Image: Larian Studios
What’s different from Original Sin 2?
The infusion of the D&D franchise into the Original Sin model is evident in a handful of ways, none of which result in massive gameplay changes.
A sword in Divinity might be listed as dealing 12-18 damage. In Baldur’s Gate 3, that same sword would be listed as, let’s say, 2d6 damage. (That’s D&D-speak for the number you’d get after rolling two six-sided dice.) The result is the same; it’s just presented somewhat differently.

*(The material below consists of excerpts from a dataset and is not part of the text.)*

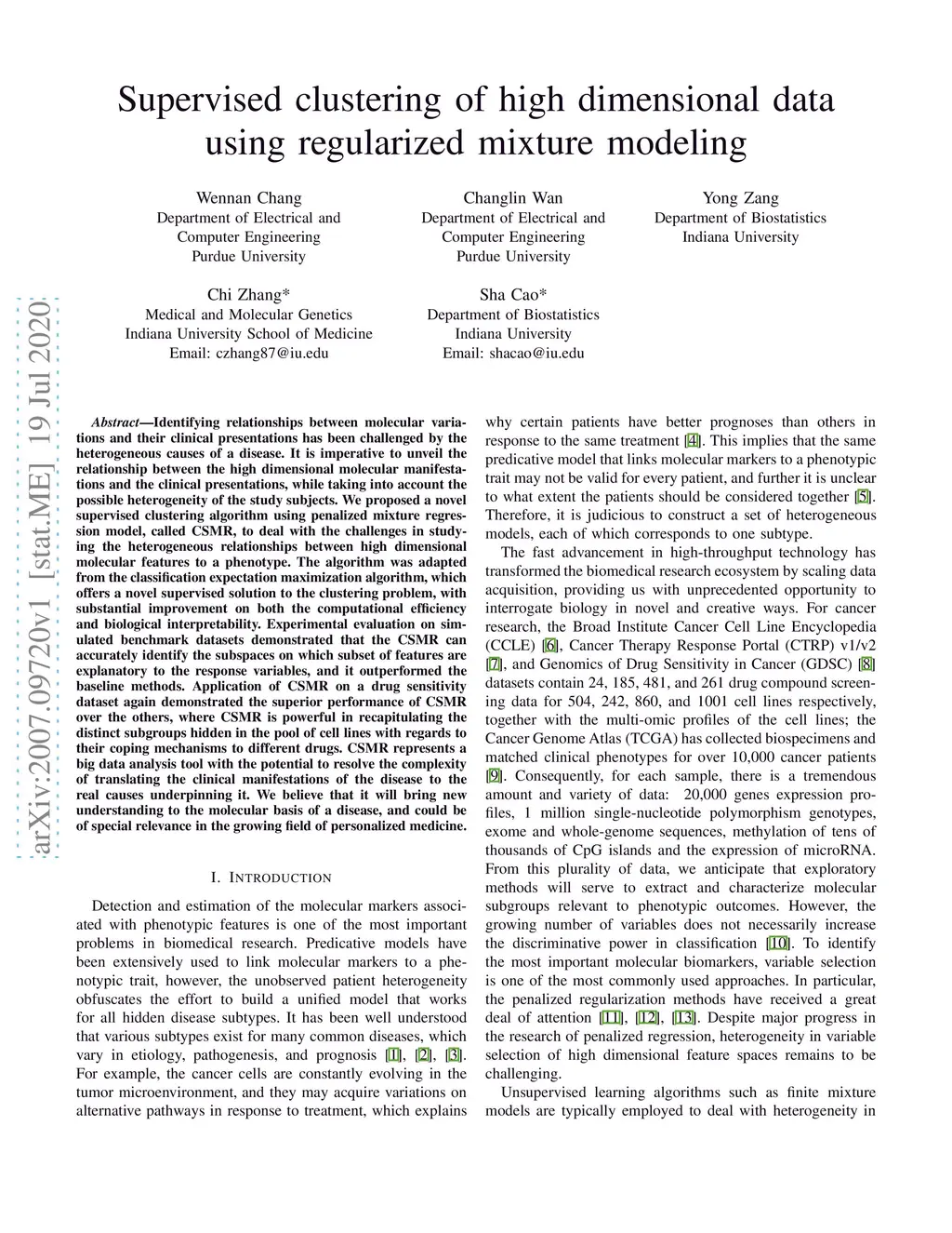 Identifying relationships between molecular variations and their clinical presentations has been challenged by the heterogeneous causes of a disease. It is imperative to unveil the relationship between the high dimensional molecular manifestations and the clinical presentations, while taking into account the possible heterogeneity of the study subjects. We proposed a novel supervised clustering algorithm using penalized mixture regression model, called CSMR, to deal with the challenges in studying the heterogeneous relationships between high dimensional molecular features to a phenotype. The algorithm was adapted from the classification expectation maximization algorithm, which offers a novel supervised solution to the clustering problem, with substantial improvement on both the computational efficiency and biological interpretability. Experimental evaluation on simulated benchmark datasets demonstrated that the CSMR can accurately identify the subspaces on which subset of features are explanatory to the response variables, and it outperformed the baseline methods. Application of CSMR on a drug sensitivity dataset again demonstrated the superior performance of CSMR over the others, where CSMR is powerful in recapitulating the distinct subgroups hidden in the pool of cell lines with regards to their coping mechanisms to different drugs. CSMR represents a big data analysis tool with the potential to resolve the complexity of translating the clinical manifestations of the disease to the real causes underpinning it. We believe that it will bring new understanding to the molecular basis of a disease, and could be of special relevance in the growing field of personalized medicine.
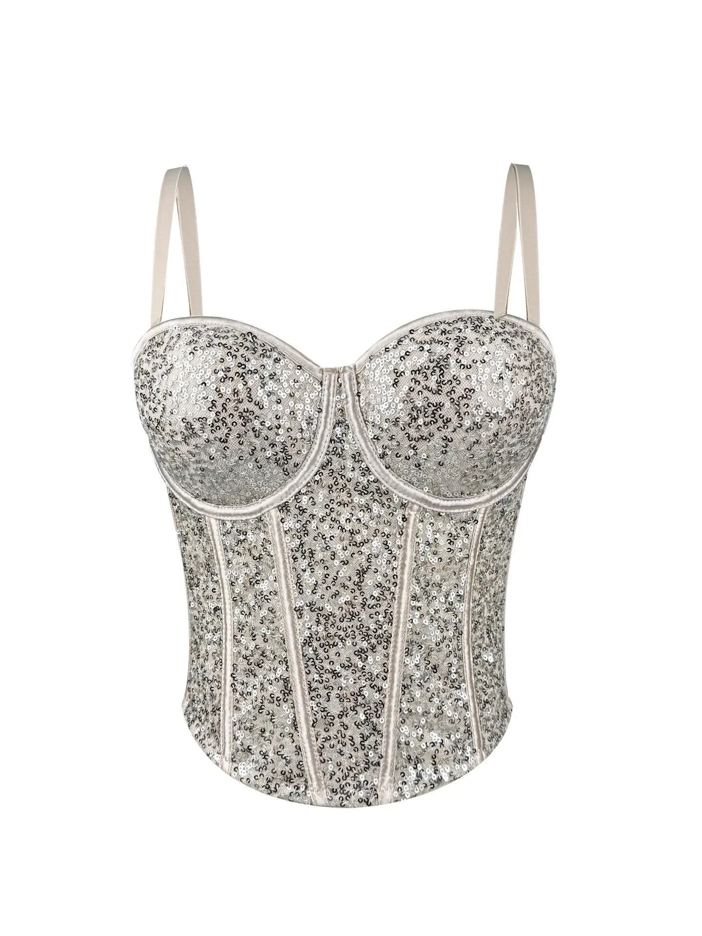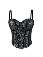 Elevate your style with the Blackout Desire Bustier, a daring top that combines sleek design with shimmering sequined accents. Its regular length and structured fit highlight your silhouette, making it the perfect statement piece for nights when you want all eyes on you. Embrace bold elegance and let your confidence shine.
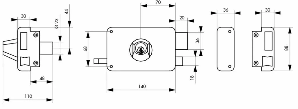 Largeur du pêne dormant de 36 mm (rep. P).
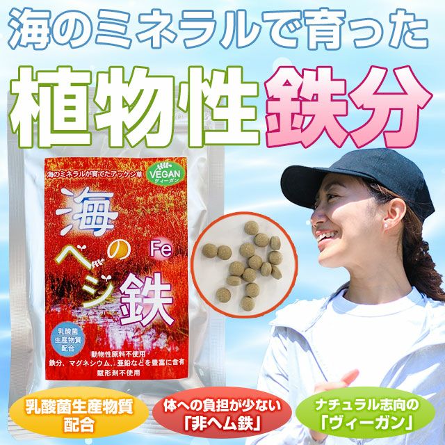 他の画像を見る 植物性鉄分で質の良いサラサラ血液に 海のミネラルで育った植物性鉄分「海のベジ鉄」 ¥ 3,564 税込 アッケシ草を中心に、海と大地の植物を原料にしています。鉄を初めとした現代人が不足しがちなミネラルを補給しましょう。 カートに入れる お気に入りに登録する

There are other moments in Baldur’s Gate 3 that make the connections to D&D far more explicit, and they offer the largest departures from the Divinity games. Rolling dice is a major element in Baldur’s Gate 3. In Original Sin 2, let’s say you wanted to convince a goblin guard to let you through a gate. All you’d need was the requisite level in your Persuasion skill. The guard requires 4 Persuasion points, and if you have that, congrats, you’ve convinced him!
In Baldur’s Gate 3, you can have a high Persuasion skill, but you’ll still need to roll a 20-sided die to determine whether you’re successful. The higher your skill, the lower the required number on the die. If you’re really charismatic, maybe you’d only need to roll a 3 or higher. The screen will literally show the die as it spins, informing you of your fate, just as it would in a tabletop D&D game.
Sometimes these dice rolls happen passively. A die icon will appear above characters to see if their Perception skill is high enough to notice a poison trap on the ground. Baldur’s Gate 3 will inform you that you’ve failed the check (just as a dungeon master would), but you won’t know what you’re failing to spot or where it happens to be.
Which is to say: Step lightly.
Image: Larian Studios
Capturing the freedom of D&D
The magic of tabletop Dungeons & Dragons is just how flexible it is. Want your orcish Bard to try to pull a few cartwheels in the middle of a fight to call attention to herself? You can do that … so long as the dice roll is good enough.
Obviously, in a video game there’s no way to have that level of complete freedom — making up wacky abilities from pure imagination. But Larian’s engine does allow for far more flexibility than computer RPGs of yore. In one instance during the demo, the protagonist of the adventure (a morally questionable vampire spawn) found himself covered with oil in a room with fire arrows shooting in every direction. One wrong step meant a guaranteed fiery death.
Larian’s solution to this problem? The vampire cast a well-known D&D spell called Mage Hand that created a small, ghostly hand minion to hover around the room. The hand wasn’t much of a fighter, but it was able to pick up a nearby box and toss it within range of the vampire’s jump ability, providing a safe, oil-free perch from which to escape the trap.
Unfortunately, the vampire then failed a stability check, slipped off the box into the oil, and died, yes, a fiery death. But hey, noble attempt, right? There are probably a dozen other ways to solve this room and make it out alive, and Larian is letting players use their complete toolkit to get out of scraps in a variety of ways.
As for the many camps of obsessives, it’s hard to imagine any fan of either Divinity or D&D coming away from Baldur’s Gate 3 feeling unfulfilled. D&D’s mechanics are notoriously limitless, and they seem to bolt onto Larian Studios’ existing RPG systems with very little friction. Of course, getting all of these variables to work together into a stable game by the time Baldur’s Gate 3 launches is the real challenge — the demo we saw definitely still had some bugs to work out, which is expected in this stage of development. But if Larian can pull it off, it’ll be a real treat for everyone. Baldur’s Gate 3 is scheduled to be released on Windows PC via Steam Early Access sometime in 2020, and is also coming to Google Stadia.